In the U.K. commentary, Jeff Swindell, senior vice president of finance at Disney Signature Experiences (the segment responsible for attractions outside the theme parks), said the company remained highly profitable during the fiscal year while managing various one-time costs tied to business growth initiatives, including pre-operational expenses for upcoming fleet additions. Swindell’s framing is consistent with what executives usually have to manage in capital expansion cycles: revenue ramps, but the expense line can surge first, especially when ships are staffed, staged, and brought online.
The fleet expansion itself is now visible in multiple threads of planning. Disney’s recent launches bring the fleet to eight ships, but five more are coming by 2031 as part of the $60 billion Experiences investment. The filings note that one of the new ships will be fully financed, owned and operated in Japan under license by Oriental Land Company (OLC). If the first Japan ship succeeds, OLC forecasts that operating multiple ships should follow. OLC also forecasts that in the first few years one ship would generate annual net sales of $650 million (¥100 billion), with an approximate operating margin of 26.7%, yielding profits of around $174 million.
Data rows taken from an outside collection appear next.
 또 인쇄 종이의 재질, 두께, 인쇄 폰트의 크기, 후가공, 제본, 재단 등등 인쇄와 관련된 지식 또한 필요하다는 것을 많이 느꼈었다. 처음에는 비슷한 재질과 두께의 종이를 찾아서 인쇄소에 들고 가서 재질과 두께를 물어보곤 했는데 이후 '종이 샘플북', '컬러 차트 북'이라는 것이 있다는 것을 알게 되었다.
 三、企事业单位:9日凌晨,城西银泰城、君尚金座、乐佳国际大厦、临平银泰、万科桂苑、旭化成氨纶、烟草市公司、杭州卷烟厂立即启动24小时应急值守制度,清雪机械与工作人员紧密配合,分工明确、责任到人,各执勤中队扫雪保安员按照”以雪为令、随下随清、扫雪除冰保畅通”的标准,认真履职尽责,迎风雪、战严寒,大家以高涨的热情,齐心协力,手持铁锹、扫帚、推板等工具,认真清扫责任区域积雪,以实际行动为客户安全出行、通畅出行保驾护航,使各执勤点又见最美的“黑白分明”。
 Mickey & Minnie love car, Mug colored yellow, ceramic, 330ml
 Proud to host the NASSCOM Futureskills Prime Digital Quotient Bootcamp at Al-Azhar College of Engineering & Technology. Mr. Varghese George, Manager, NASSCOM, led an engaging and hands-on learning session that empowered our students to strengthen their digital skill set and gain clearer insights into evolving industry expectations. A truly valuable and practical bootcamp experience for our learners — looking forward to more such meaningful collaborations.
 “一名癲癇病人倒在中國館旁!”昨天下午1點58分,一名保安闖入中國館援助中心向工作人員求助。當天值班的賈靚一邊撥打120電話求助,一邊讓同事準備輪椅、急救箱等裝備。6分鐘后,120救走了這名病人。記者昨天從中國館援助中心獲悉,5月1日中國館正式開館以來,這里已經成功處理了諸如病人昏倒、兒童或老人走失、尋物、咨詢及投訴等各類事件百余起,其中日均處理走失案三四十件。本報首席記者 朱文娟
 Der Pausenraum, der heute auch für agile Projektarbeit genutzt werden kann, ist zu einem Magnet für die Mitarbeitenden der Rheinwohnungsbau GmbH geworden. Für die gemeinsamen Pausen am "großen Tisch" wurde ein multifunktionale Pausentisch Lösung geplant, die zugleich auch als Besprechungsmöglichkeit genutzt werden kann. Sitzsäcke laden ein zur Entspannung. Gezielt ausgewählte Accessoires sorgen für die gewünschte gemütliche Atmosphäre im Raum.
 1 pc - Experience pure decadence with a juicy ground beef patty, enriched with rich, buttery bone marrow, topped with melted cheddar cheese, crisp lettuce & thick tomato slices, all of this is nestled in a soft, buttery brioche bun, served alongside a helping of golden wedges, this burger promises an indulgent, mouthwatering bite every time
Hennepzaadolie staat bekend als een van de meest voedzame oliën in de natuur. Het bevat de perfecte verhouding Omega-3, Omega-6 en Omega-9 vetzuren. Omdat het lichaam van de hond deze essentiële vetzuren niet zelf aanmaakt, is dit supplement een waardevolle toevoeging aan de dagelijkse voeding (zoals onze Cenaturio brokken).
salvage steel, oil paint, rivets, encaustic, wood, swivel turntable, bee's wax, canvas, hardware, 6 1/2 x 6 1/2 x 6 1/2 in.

Disney’s own filings are similarly confident about maintaining profitability. Swindell said the company expects to maintain strong profitability in financial year 2026, supported by capacity growth from the Disney Treasure, the Disney Destiny and the Disney Adventure. The caveat for cruise executives, of course, is scale. The filings don’t disclose passenger counts for 2025, but CruiseMarketWatch put Disney at 1 million passengers, or 3.1% of the market. That’s small compared to Carnival’s 6.8 million passengers, meaning Disney can expand aggressively while still being a relative minnow in the industry.
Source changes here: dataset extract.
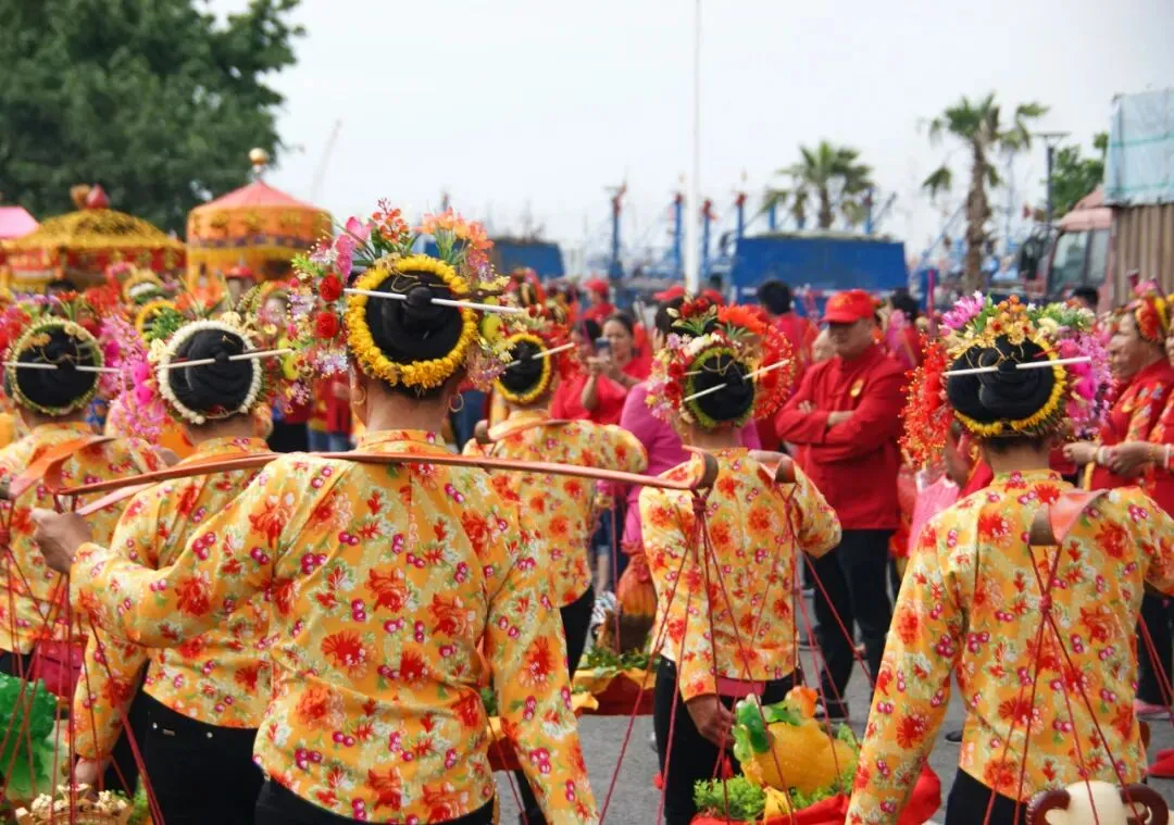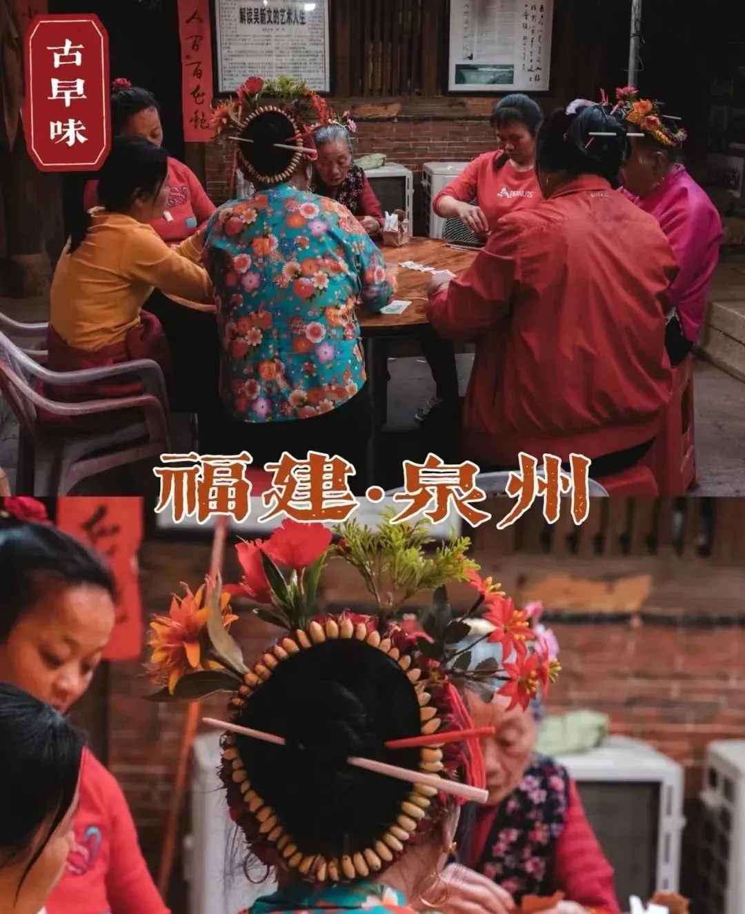 (可自费40元/人体验蟳埔女盘头插花,戴着丁香耳坠,穿着大裾衫、宽脚裤)

For peers and boards, the second-order implication is blunt: Disney’s U.S. reporting stays non-specific on cruises, but U.K. shell filings can still force clarity. If you’re an operator watching the economics of themed cruising, or an investor assessing whether a consumer brand can scale a capital-heavy experience business, this is a real lesson in where the numbers actually hide. Disney may be adding ships on a glossy timeline, but the financial reality is already telling a more complicated story: $3 billion in cruise revenue, 20.3% growth, and profit pressure from staffing and pre-operational costs as the expansion ramps.